Captain America: The Winter Soldier has merit. It is a step above the awful CGI-vomit movie that was Thor 2. Marvel seemed to have retained some of its “story telling” integrity as we see Captain America face a world where his ideals have evaporated in favour of war machines. He also managed to stay single, which is a bonus. In Hollywood, the male hero typically falls for a women, saves her, and kisses her. The women is the reward, the chalice, the nerdy boy fantasy that needs fulfilling. Well, it still happened in a lesser form: Black Widow gave the Cap a plutonic kiss on the cheek in the final frame. But, progress…

Where Captain America creeps forward in the department of heteronormative storytelling, it departs in it’s attempt at engaging with contemporary social and economic issues.

On the one hand, Captain America is aware of the current tension between freedom and security our world faces as national governments create terrorist narratives (which the movie and video game industry, amazingly enough, uses to attract an audience and turn a profit), then spin them to justify controversial legislature. On the other, Marvel’s contemporary setting brings me back to an earlier point I made: the always already incorporation into the system. Specifically, Captain America’s plot does not serve as a witty critique of contemporary issues of dwindling liberty, but rather trivializes it–distances the audience from the real world problem.

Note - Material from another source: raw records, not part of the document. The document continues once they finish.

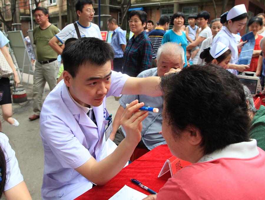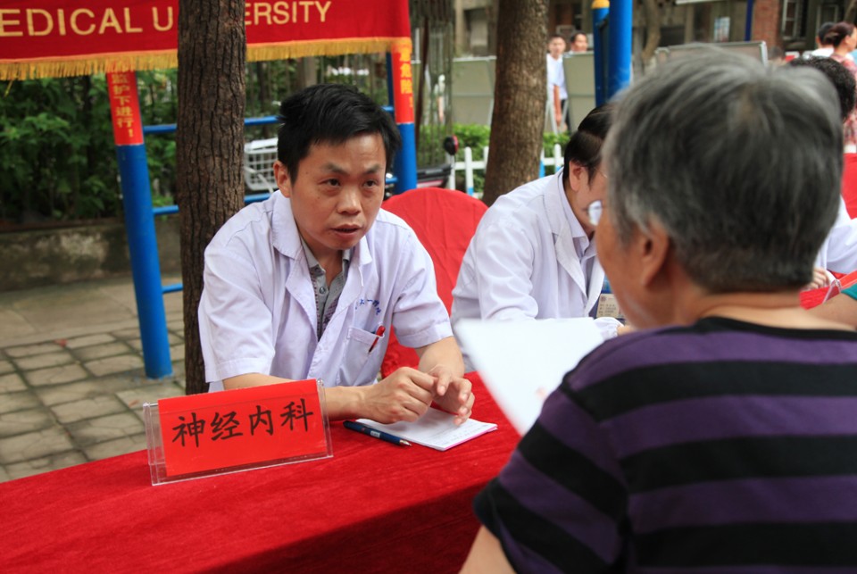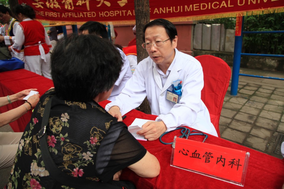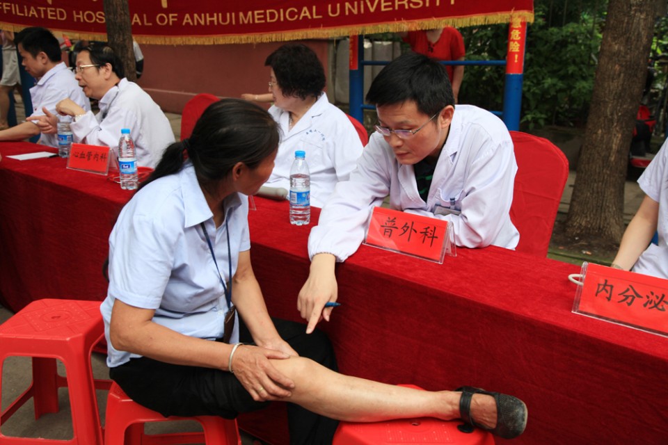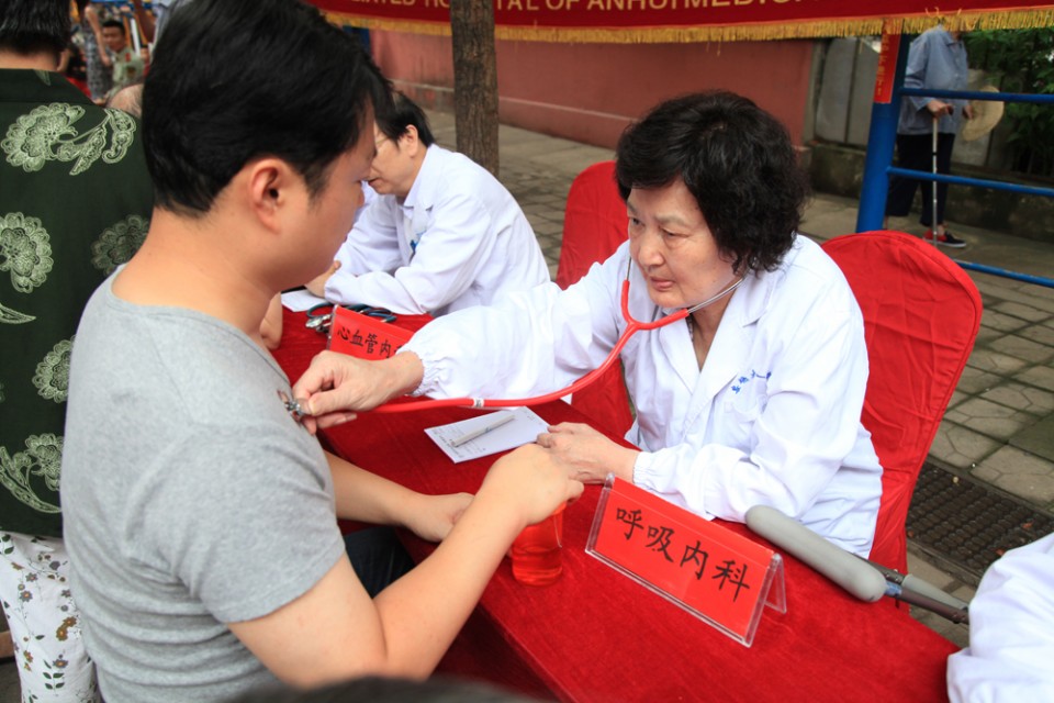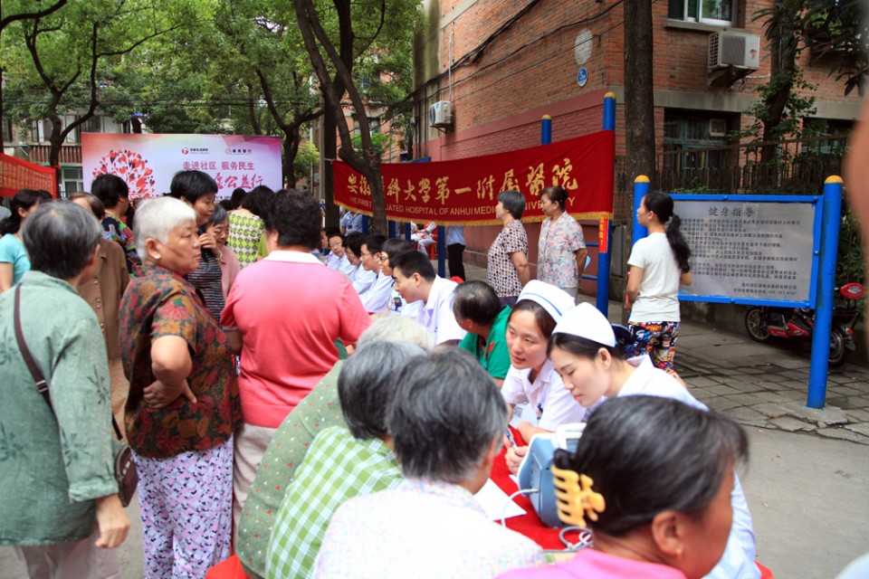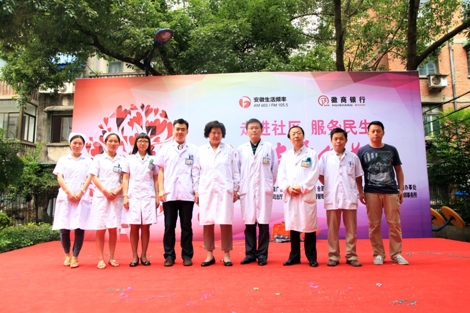 7月11日上午,我院与安徽广播电视台生活广播联合举办的2015“走进社区服务民生”大型公益活动来到了庐阳区,在省政府宿舍大院火热举行。由院党委工作部、干部保健办组织的来自心血管内科、神经内科、普外科、内分泌科、呼吸内科、眼科的专家为附近居民带来了免费的检查诊治、健康咨询等服务。在两个半小时的时间里,专家们认真接受居民的咨询,耐心解答市民的疑问,共接待就诊及血压测量等四百余人次,受到居民的热烈欢迎。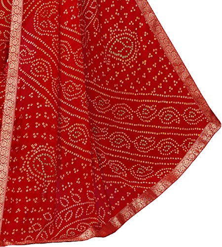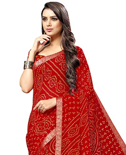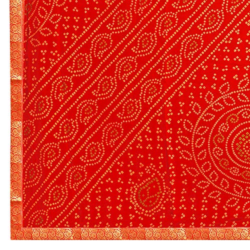 Bandhani Bandhej Chiffon Printed Saree With Weaving Border And Blouse Material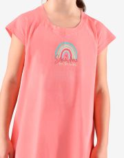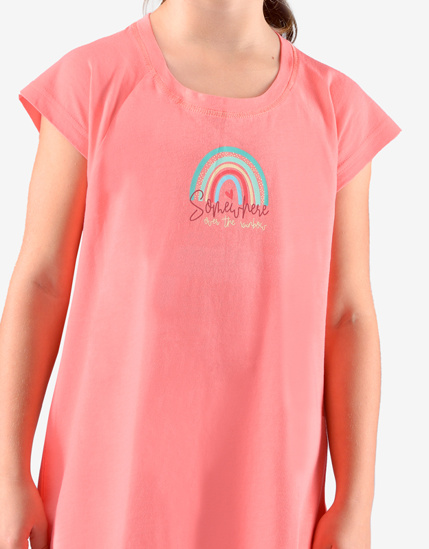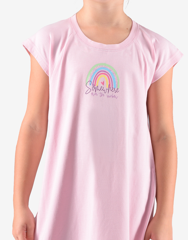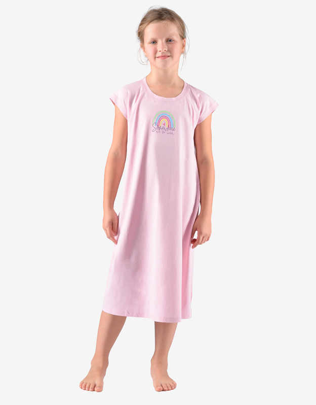 Podstawą dobrej jakości snu jest Twój komfort, w czym pomaga również wygodna bielizna nocna. Dziewczęca koszula nocna z krótkim rękawkiem to idealny wybór dla każdej małej dziewczynki. Koszula nocna ma długość za kolana, śliczny nadruk na piersi, okrągły dekolt, który nie uwiera, a materiał to 100% bawełna - zapewni komfort przez całą noc.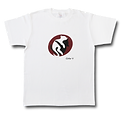 白Tシャツに黒と赤の2色でシルクプリントしています。

The fact that a super-hero rectifies (to a limited extent) the government’s out-of-control propaganda and “freedom” machine at the end of the plot is case in point. Instead of the threat that Governments pose–when they data mine it’s citizens’ personal information such as phone call records, email transcripts, and so on and so forth–being exposed and critically engaged with, it is solved. As a result, the audience feels good–they disengage from the critique. The threat has been quelled. We can sleep soundly. Yet, in the “real world” the tension is still growing.

All that has occurred in this movie–and only for ill–is the questions, in terms of government, how far is too far? who does the government serve? do the people serve the government? have been commodified. Serious, controversial, critical, debatable question have been packaged in glossy wrap and sold to audiences world-wide. And in doing so, the problems have been mythologized. Raise them to the pop-corn muncher in the seat next to you, and she will reply–a mouth full of crunched pop-corn–wasn’t that the plot of Captain America?